Claiming that the movement results in death is absurd. The one death to occur is a result of a drug overdose and has nothing to do with protests. It could however be argued that this death and thousands of others can be blamed on the system which the protesters are opposing and which the privileged and the elite benefit from protecting and maintaining intact, unchallenged and unquestioned. That system is responsible for a hell of a lot more death, suffering and injustice. That you have a stake in it and as much to gain by its existence than to lose by its dismantlement explains your perspective and why you would be critical of any threat or suggestion of need for change.
The ideal citizen of a tyrannical state is the man or woman who bows in silent obedience in exchange for the status of a well-cared for herd animal. Thinking people become the tyrant's greatest enemies.
- Claire Wolfe
(from the book "101 things to do til the revolution")

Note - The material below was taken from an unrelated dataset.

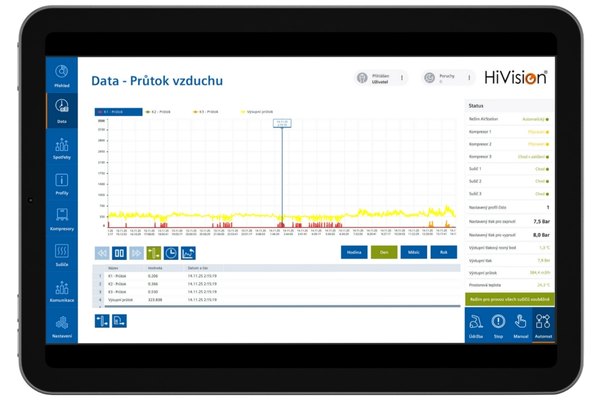 V praxi sa po nasadení HiVisionAir® často okamžite odhalí neefektívne správanie technológie. Vďaka optimalizácii nastavenia chodu jednotlivých kompresorov dochádza k zníženiu spotreby vstupnej energie – rýchlo, bezbolestne a s jasným finančným efektom. Systém je možné plne prispôsobiť špecifickým potrebám zákazníka, či už ide o spôsob vizualizácie, typy sledovaných dát alebo integráciu na ďalšie systémy. Na svoju prevádzku navyše nevyžaduje prístup do lokálnej IT siete – monitorovacia jednotka je vybavená GSM modulom, ktorý zabezpečuje bezpečnú dátovú konektivitu bez zásahu do infraštruktúry.

I'm sorry to say but many comments on this thread, from mostly caucasian, probably middle aged, male and most certainly privileged. Quite possibly those most critical didn't start out privileged and are now, so mistakenly assume anyone wanting to change just needs to work (so anyone unable to change their situation can only blame themselves for not having worked hard enough). Unfortunately, that may have been true a few decades ago but it is no longer true. Some may be lucky but for the vast majority of people who happen to be born to parents at the bottom of the ladder, the cards are stacked against them from day 1. That creates a generation of growing hopelessness and frustration.
That's the dangerous result of a
widening wealth gap and growing inequality.
You're entitled to your own way of seeing it but as long as we're clear and honest of where in the system you stand to gain and where you stand to lose - and keep some transparency about motivations. Your belief that some are entitled to the privilege they enjoy, despite the possibility that it may come at the expense of others, are bound to make you defensive and critical when the effects are brought in the open and people feeling them are starting to fight back.
You can ridicule, discredit or criticize all day about the shortcomings of this movement but the problems aren't going anywhere and people will only get more determined, more fed up and larger in numbers. They'll also know they have less and less to lose and become more desperate....and as Hank noted, they'll be more determined as they get hungry and watch their kids go hungry.
I'm not all that surprised at some of the comments on this thread because I realized a while ago in the G20 threads how unsympathetic and unconcerned most people seem to be about the conflict and struggles of others - they're too comfortable safely enjoying their privileges. But I still think it's a real shame and disappointment and I do think some may get a shock one day.
That, my friends, is apathy in action.
Power itself is not derived through violence, though in governmental form it is usually violent in nature. Governmental power is often maintained through oppression and the tacit compliance of the majority of the governed. Any significant withdrawal of that compliance will restrict or dissolve governmental control. Apathy in the face of injustice is a form of violence. Struggle and conflict are often necessary to correct injustice.